--- DATA FOR THIS TASK ---

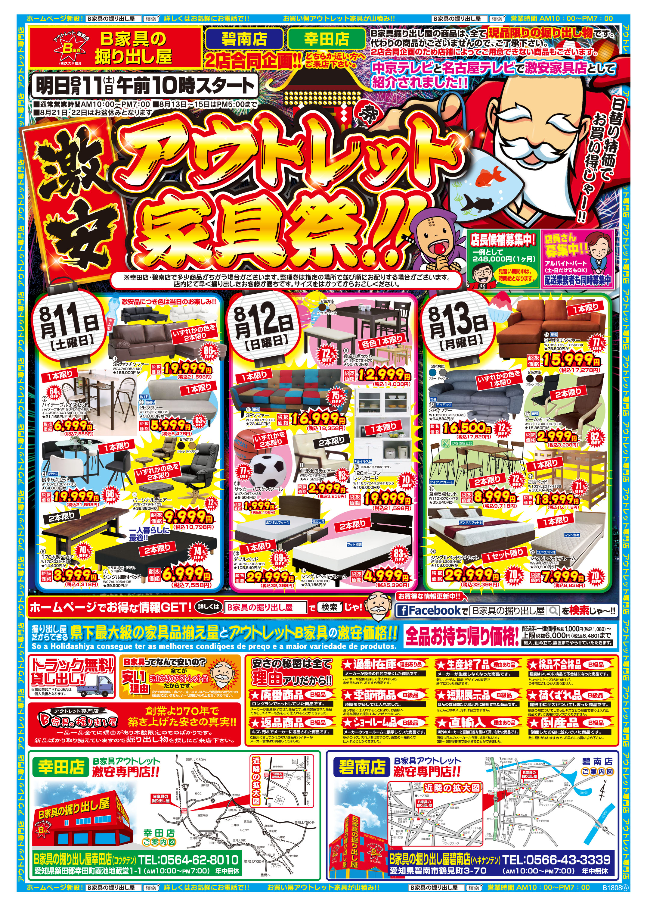 お盆休みは、B家具の掘り出し屋に遊びにきてねーーー!(^^)!
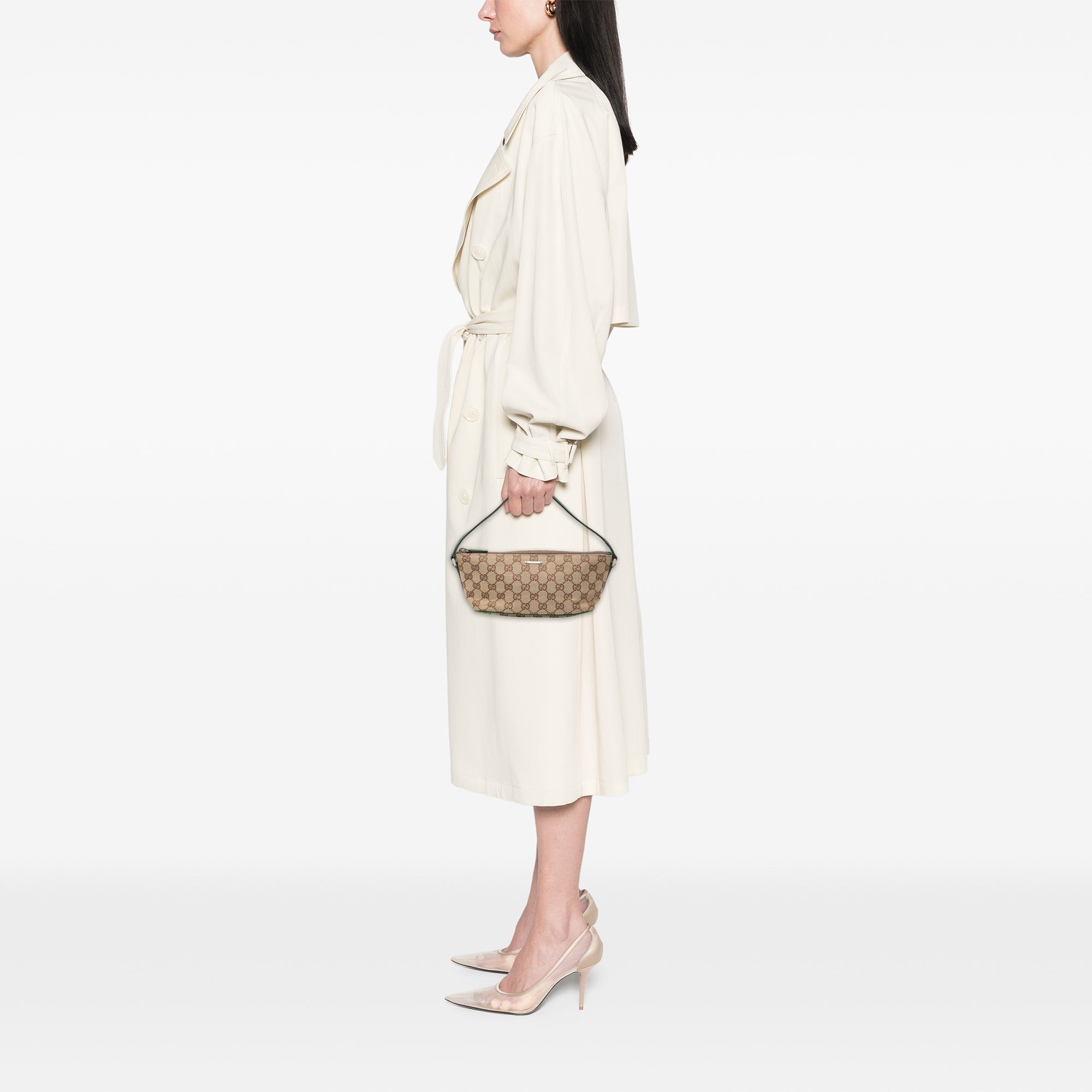Tan Gucci GG Canvas Boat Shoulder Bag
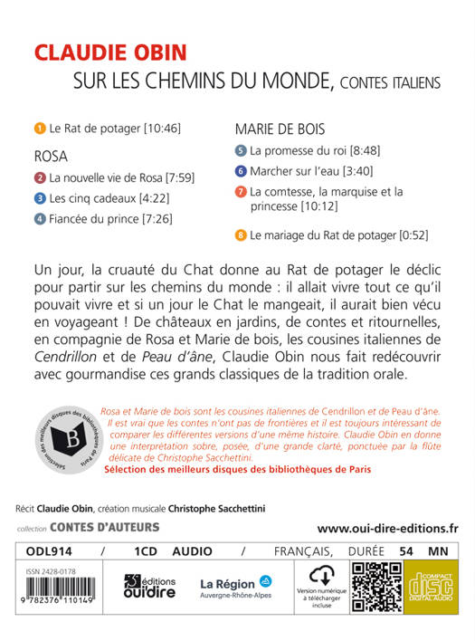 Un jour, la cruauté du Chat donne au Rat de potager le déclic pour partir sur les chemins du monde : il allait vivre tout ce qu'il pouvait vivre et si un jour le Chat le mangeait, il aurait bien vécu en voyageant ! De châteaux en jardins, de contes et ritournelles, en compagnie de Rosa et Marie de bois, les cousines italiennes de Cendrillon et de Peau d'âne, Claudie Obin nous fait redécouvrir avec gourmandise ces grands classiques de la tradition orale.
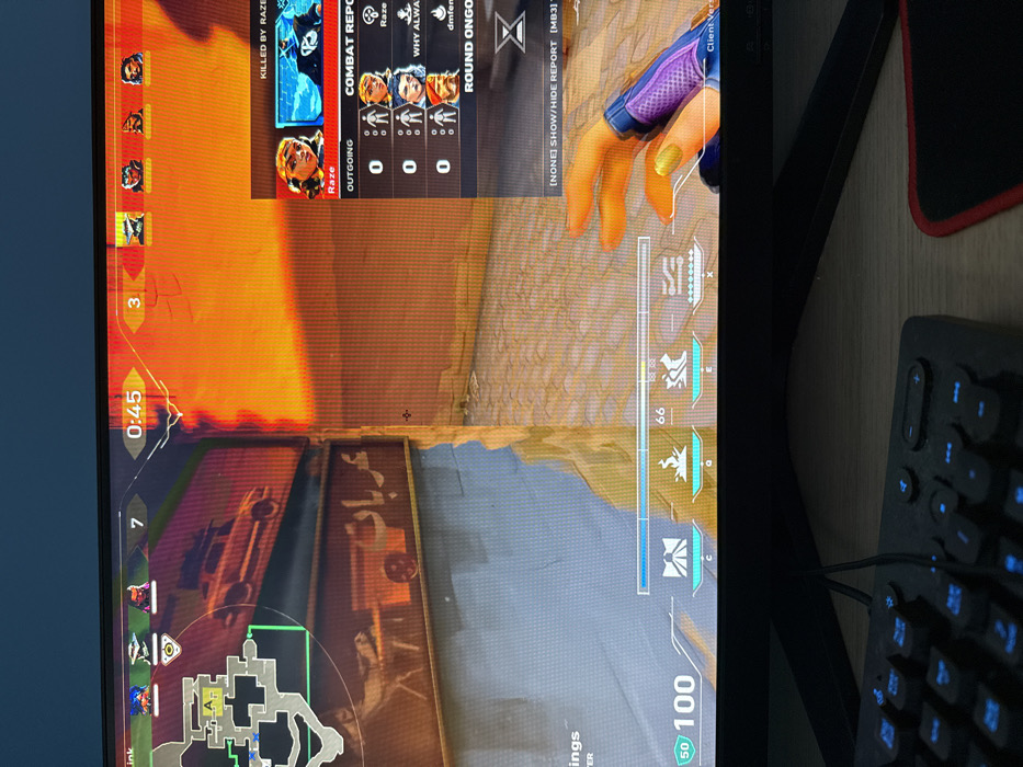 The image displays a computer monitor positioned on a light-colored wooden desk, located in the city of Unknown, Unknown. The monitor screen shows a first-person perspective of a video game, identified as Valorant by its user interface elements. The in-game scene depicts an urban environment, possibly a Middle Eastern-themed map, with light brown and orange structures. A wall on the left features Arabic script, specifically the word "عربات" (carriages or carts), and a mural of a light-colored vehicle, possibly a jeep or SUV. The ground is textured like cobblestones or paved stones. The right side of the screen is dominated by an intense orange glow, possibly from an in-game ability or environmental effect. The game's user interface is visible: * A mini-map is in the upper-left, showing player positions and an objective labeled "A". * A timer "0:45" and round scores "7" (friendly team) vs "3" (enemy team) are displayed at the top center. * A "KILLED BY RAZE" notification is visible in the upper-right. * A "COMBAT REPORT" overlay on the right shows "OUTGOING 0" for three player avatars, including "Raze" and another with the partial name "WHY ALWAY_". * At the bottom-left, player health "100" and armor "50" are displayed. * Four ability icons (C, Q, E, X) are shown at the bottom-center, with one (Q) indicating a cooldown or charge of "66". * The character's in-game hand is visible in the bottom-right, featuring yellow painted fingernails and a purple/blue sleeve or glove. Below the monitor, a dark-colored keyboard with blue backlit keys is present on the desk, connected by a black cable. To the right of the keyboard, a black mousepad with a red border is visible.
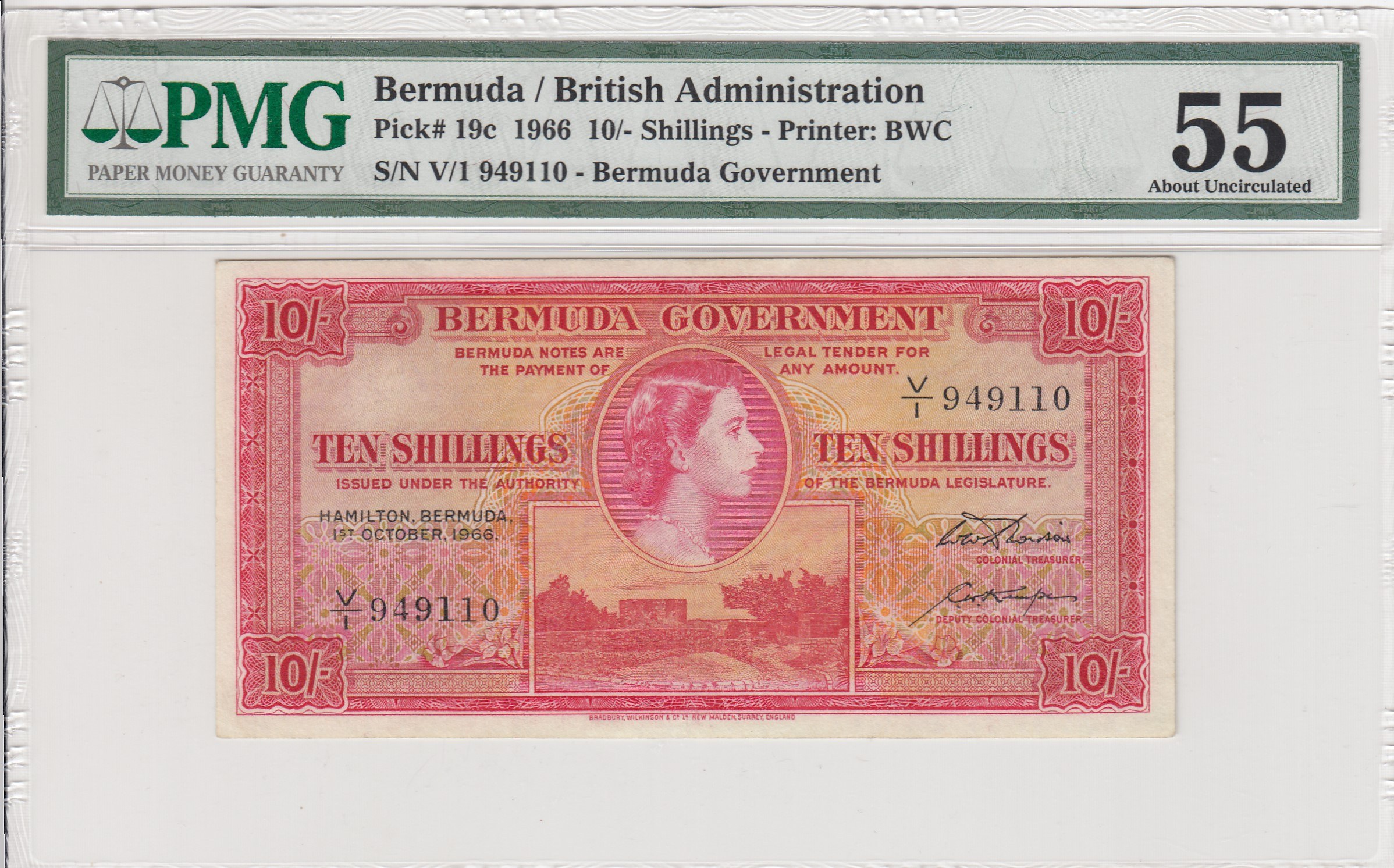 Bermuda, 10 Shillings, 1966, AUNC, p19c
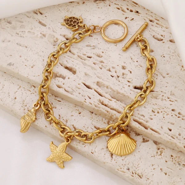 Bracelet breloques Étoile de Mer et Tortue Dorée
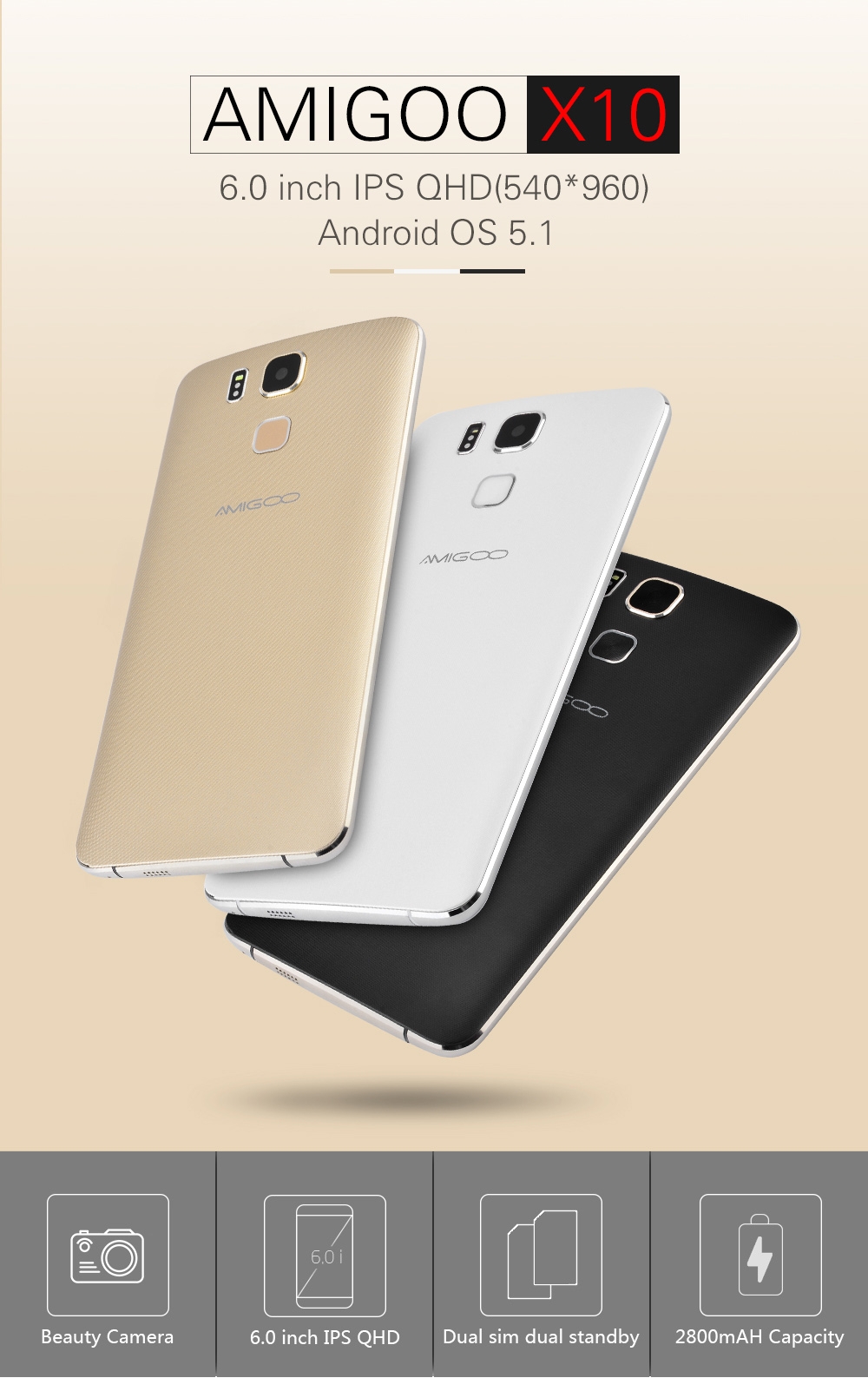 AMIGOO X10 Android 5.1 6.0 inch 3G Phablet MTK6580 1.3GHz Quad Core 8GB ROM Dual Cameras GPS
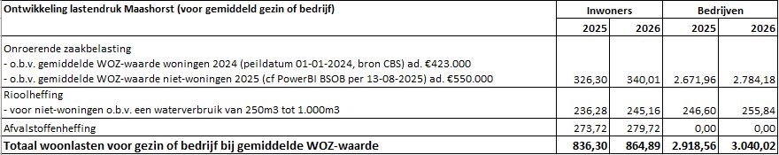 Terug naar navigatie - Samenvatting Programmabegroting - 5. Ontwikkeling Lastendruk inwoners/bedrijven 2026In de paragraaf Lokale Heffingen zijn al onze belastingen en heffingen toegelicht. Hieronder een overzicht van de ontwikkeling van de lastendruk 2025--> 2026.

---

Please output the lines of the records above from the one with "Bermuda, 10 Shillings, 1966, AUNC, p19c" through the last, exactly as they appear and with both ends included; skip any pictures and add nothing.

 Bermuda, 10 Shillings, 1966, AUNC, p19c
 Bracelet breloques Étoile de Mer et Tortue Dorée
 AMIGOO X10 Android 5.1 6.0 inch 3G Phablet MTK6580 1.3GHz Quad Core 8GB ROM Dual Cameras GPS
 Terug naar navigatie - Samenvatting Programmabegroting - 5. Ontwikkeling Lastendruk inwoners/bedrijven 2026In de paragraaf Lokale Heffingen zijn al onze belastingen en heffingen toegelicht. Hieronder een overzicht van de ontwikkeling van de lastendruk 2025--> 2026.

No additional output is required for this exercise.